Open jbvioix opened 2 weeks ago
This makes a lot of sense. Can you share with me the "timeout" logs that you're getting? I want to know where exactly we're timing out to make it configurage. Is it that the background job itself timesout, or is it the call to ollama that timesout
With GPU enabled, I've got these logs:
workers-1 | 2024-06-15T07:16:31.518Z info: [inference][99] Starting an inference job for bookmark with id "ouhm96clwfw25pkbmdcrlj3o"
ollama-1 | [GIN] 2024/06/15 - 07:17:16 | 200 | 44.993621295s | 172.25.0.7 | POST "/api/chat"

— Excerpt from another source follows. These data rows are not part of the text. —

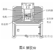 接駁臺由基座、電機、傳送帶、耐磨條、掃碼器等部分組成。由電機驅動,帶動同步帶運動進行傳送物料。結構示意圖如圖4所示。
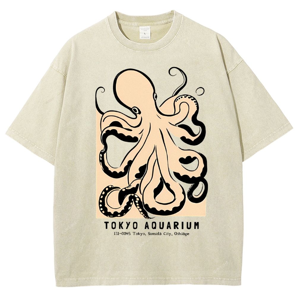 Japanese Style Ink Octopus Vintage Seal Print V-neck T-shirt
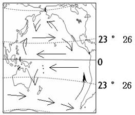 小题2:结合图示反映世界洋流分布规律:南北半球以副热带海区为中心的副热带环流,北半球呈顺时针,南半球呈逆时针;北半球以副极地海区为中心的副极地环流,呈逆时针。故A项正确。
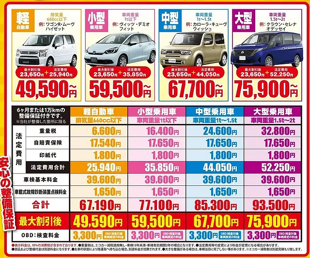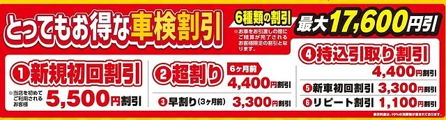 6種類の割引で車検が安くなる!!ぜひ当社にお任せ下さい。
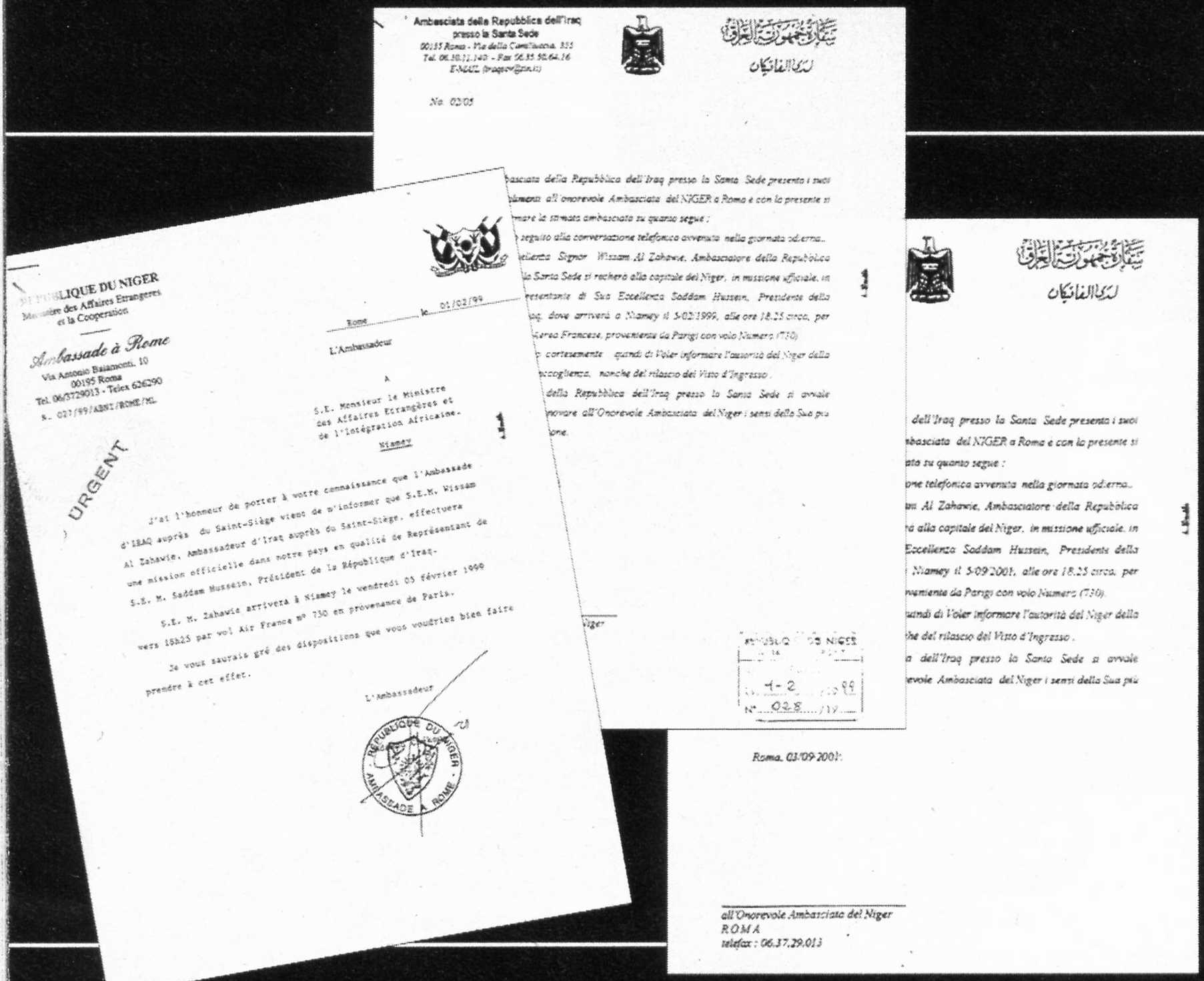 1) A letter in Italian from the Iraqi ambassador to the Holy See received by the Niger embassy on February 1, 1999, confirming Mr. Zahawie's forthcoming trip to Niger. Probably authentic.
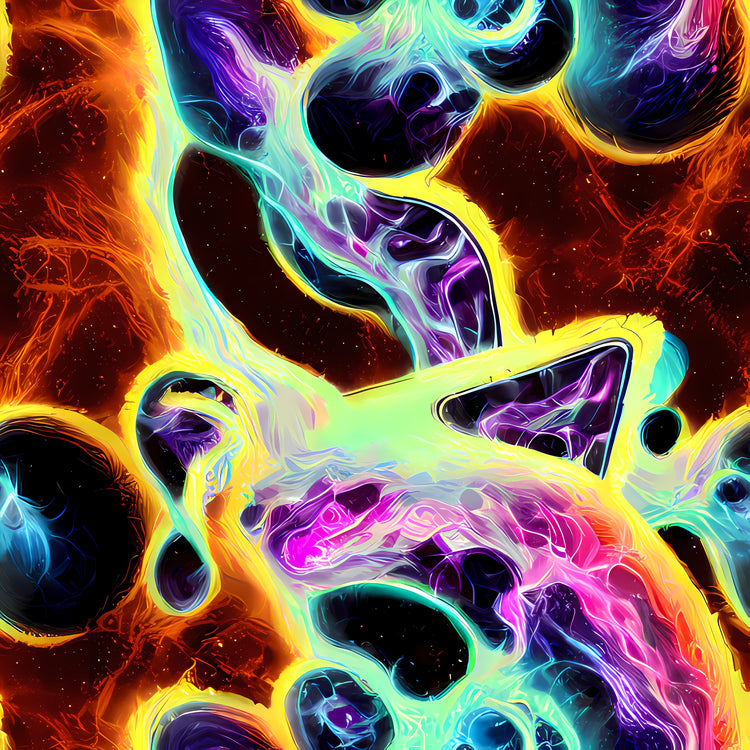 "Etherial Eruption" bursts with vibrant neon hues of electric blue, fiery orange, and vivid magenta, swirling in an abstract dance of cosmic energy. The pattern's fluid shapes and dynamic textures evoke a sense of otherworldly wonder, perfect for those with an adventurous spirit. Ideal for bold evening events or art gallery openings, this design shines in transitional seasons, catering to the daring and expressive personality.

workers-1 | 2024-06-15T07:17:16.537Z info: [inference][99] Inferring tag for bookmark "ouhm96clwfw25pkbmdcrlj3o" used 1656 tokens and inferred: Python,History,ProgrammingLanguage,ComputerScience,DevelopmentEnvironment
workers-1 | 2024-06-15T07:17:16.584Z info: [inference][99] Completed successfully
Perfect job, no problem. If I disabled GPU, I've got this:
workers-1 | 2024-06-15T07:19:46.715Z info: [inference][100] Starting an inference job for bookmark with id "uxr3yjtfke0tu2u800jbh9rj"
ollama-1 | [GIN] 2024/06/15 - 07:24:47 | 200 | 5m1s | 172.25.0.7 | POST "/api/chat"
workers-1 | 2024-06-15T07:24:47.971Z error: [inference][100] inference job failed: TypeError: fetch failed
workers-1 | 2024-06-15T07:29:50.926Z info: [inference][100] Starting an inference job for bookmark with id "uxr3yjtfke0tu2u800jbh9rj"
...
ollama-1 | [GIN] 2024/06/15 - 07:29:49 | 200 | 5m1s | 172.25.0.7 | POST "/api/chat"
workers-1 | 2024-06-15T07:29:49.832Z error: [inference][100] inference job failed: TypeError: fetch failed
workers-1 | 2024-06-15T07:29:50.926Z info: [inference][100] Starting an inference job for bookmark with id "uxr3yjtfke0tu2u800jbh9rj"
...
ollama-1 | [GIN] 2024/06/15 - 07:34:52 | 200 | 5m1s | 172.25.0.7 | POST "/api/chat"
workers-1 | 2024-06-15T07:34:52.254Z error: [inference][100] inference job failed: TypeError: fetch failed
...
After the first fail, a new inference job is automatically launched. There are 5 minutes between each job events. I think it's a timeout somewhere...
I've successfully tried Ollama on GPU to generate keywords. However, when I use it on a CPU, I get no results. I've done a few tests in Python, the calculation time on CPU is much longer with correct results. I think there's a timeout somewhere that stops the Ollama task. Is it possible to configure it so that the CPU can be used (on a single-user lightweight server) for labelling?